La tendresse attentionnée.


Mon chat noir a le regard franc, deux grands yeux jaunes-verts qui fixent intensément mes iris bleus lorsque je lui parle, un peu comme le fait un enfant face à son instituteur quand celui-ci lui raconte l'histoire de la chèvre de monsieur Seguin.
Il m'écoute, boit mes paroles et ce regard pénétrant est loin de laisser indifférent quiconque le regarde.
Mais mon chat noir n'aime pas les rivières qui coulent parfois des yeux les jours de tristesse. Assise sur  une chaise, la tête entre les mains, coudes appuyés sur la table, je sanglote sur l'injustice de la vie, c'est alors que mon chat noir arrive, s'assoit près de moi, pose délicatement une patte sur mon bras et m'appelle d'un petit « mbrrou » à peine murmuré, je lève la tête, tourne mes yeux vers lui, je lui dois bien ça et là je croise ce regard que jamais je n'oublierai.

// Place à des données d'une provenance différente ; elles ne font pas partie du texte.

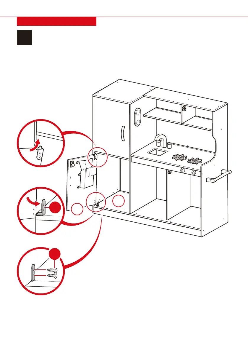 Insert one part N hinge peg into the opening on the base and secure to the pantry door with two

Dans ces yeux d'ambre on y lit comme dans un livre : « s'il te plaît, ne pleures plus », oui mais... je lui raconte ma peine, il insiste « mbrrou » en appuyant un peu plus la patte sur mon bras, on dirait presque qu'il va pleurer à son tour. Alors je lui souris, je sèche mes larmes, non pas parce que la tristesse s'est envolée mais pour faire plaisir à cet amour de chat attentionné. Il reste encore un moment, vérifiant que la pluie ne tombe plus et s'en va faire un tour à l'extérieur. Dix minutes plus tard il est de retour et sa toute première occupation est de venir près de moi, encore son « mmbbriou » plus interrogatif cette fois et les yeux dans les yeux nous nous promettons que je ne pleure plus et qu'il peut partir à ses occupations l'esprit serein. Je n'ai jamais trouvé cette attention pleine de tendresse auprès d'aucun humain...

 

Une seule fois il fut la cause de ma peine. Prenant exemple sur Melle chat noir dont je vous parlerai plus loin, il rapporta un lapereau qu'il déposa à mes pieds dans le sous-sol de la maison. J'aime beaucoup les lapins et je ne tolère aucune chasse d'aucune sorte, alors vous imaginez ma déception, ma tristesse ! Lui, cet amour de chat, avoir fait une telle horreur ? Non ce n'était pas possible... et pourtant si. Je lui ai dit « mais qu'as-tu fait là malheureux ? Il est interdit de chasser les lapins, c'est comme pour les oiseaux, maman ne veut pas que tu tues !! »
Il courba l'échine, prit le lapin, alla le cacher sous la grande poubelle dans le garage et il disparut deux heures durant. A son retour il était tout penaud osant à peine me regarder. Je le pris dans mes bras, l'embrassais et lui demandais de ne plus jamais recommencer. Il ne récidiva jamais.